Does anyone have a guide to x86 assembly that covers the basics as well as more advanced stuff like SSE, how the caches work (especially wrt multiple cores), a model of how fast the instructions are in which circumstances? I'd like something that is pretty comprehensive and modern (you shouldn't use x86 floating point anymore? great, then skip that and go straight to SSE) while not being ridiculously enormous like the intel manuals. How do experts learn this stuff? Really by reading intel's and amd's manuals?
For a basic description of the architecture, and detailed descriptions of the opcodes, read the Intel architecture manuals themselves. They're big because there's a lot to know. You don't have to read it all at the same time.
For very detailed information on the memory hierarchy, read Ulrich Drepper's "What every programmer should know about memory" series on LWN. Though even this is probably going to fall out of date soon, as it was written in 2007. http://lwn.net/Articles/250967/
For a model of how fast the instructions are, the best I know of is Agner Fog's instruction tables:
I'm not an expert, but in my experience architecture experts seem to learn through experience and by absorbing knowledge from the people around them. You have to be willing to conduct your own experiments, but you also have to be cautious in the conclusions you draw because there are so many interrelated factors.

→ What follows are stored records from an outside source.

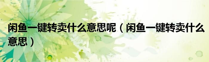 大家好,跳跳为你解答以上问题。闲鱼一键转卖什么意思呢,闲鱼一键转卖什么意思这个问题很多人还不知道,现在让我们一起来看看吧!
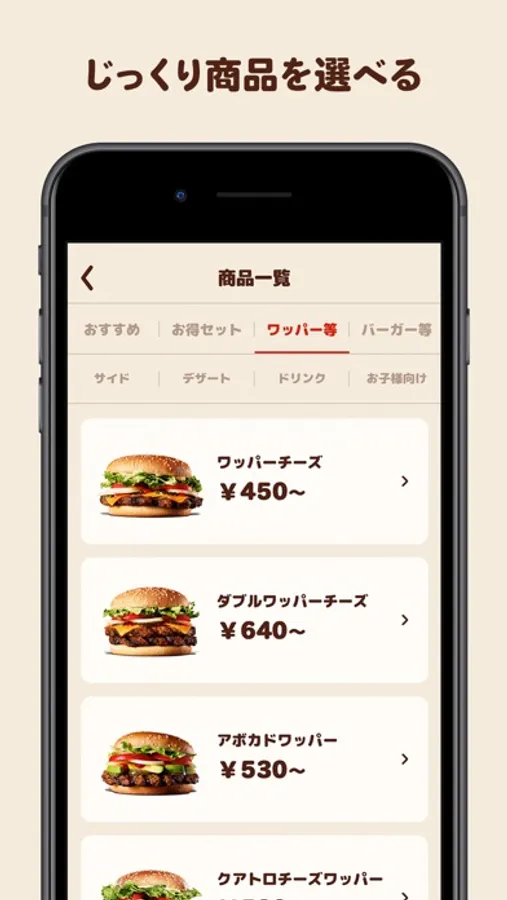 最新の商品、キャンペーン情報等がホーム画面に表示されます。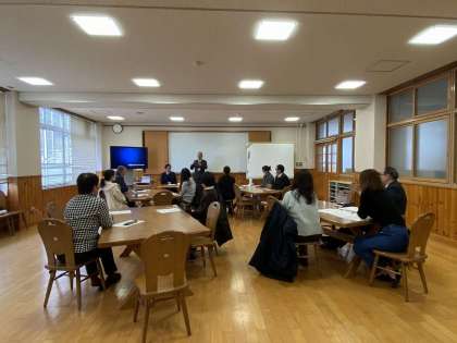 2月27日(火)、地生連主催「家庭地域教育学級」を音羽中学校で実施しました。今回の研修テーマはSNSです。「スマートフォン・SNSトラブル〜大人の視点と子どもの視点〜」というタイトルで、生徒指導課 寺岡浩紀氏より、講演いただきました。「SNSの種類」「スマホ・SNSトラブル」「大人が認知しておきたいこと」「おわりに」の順に、具体的でわかりやすいお話に、時間の経つのがあっという間でした。誤解により生じるトラブルが、以前より見えにくくなっていることや、先入観にとらわれず視点を変えてみることの大切さ、一方的な押付けでなく子どもとの話し合いを重ねることが必要等、今後のヒントになる内容で、テーブルごとの意見交流も盛り上がり、楽しいひとときでした。

There is a lot of tribal knowledge floating around about how to optimize assembly. The Intel manuals capture a lot of it in the optimization reference manual in particular. By reading that you'll learn the details of branch prediction, things to avoid like partial register stalls, etc.
At Google (where I work) there are guys who are optimizing at the assembly level. Some guy will post a specific routine he's trying to optimize to a mailing list, and it will go back and forth between a handfull of expert-level people throwing in ideas. There was recently a thread about the performance difference between movdqa and movdqu, wondering what the performance difference is. It seems to vary based on the architecture (Core2 vs Atom, etc.) and whether the read is crossing a cache line etc. etc.
There's just a lot to know, and I doubt anybody knows it all.
I breifly covered ASM in my first year of university but I don't think it counts since we got all input with C.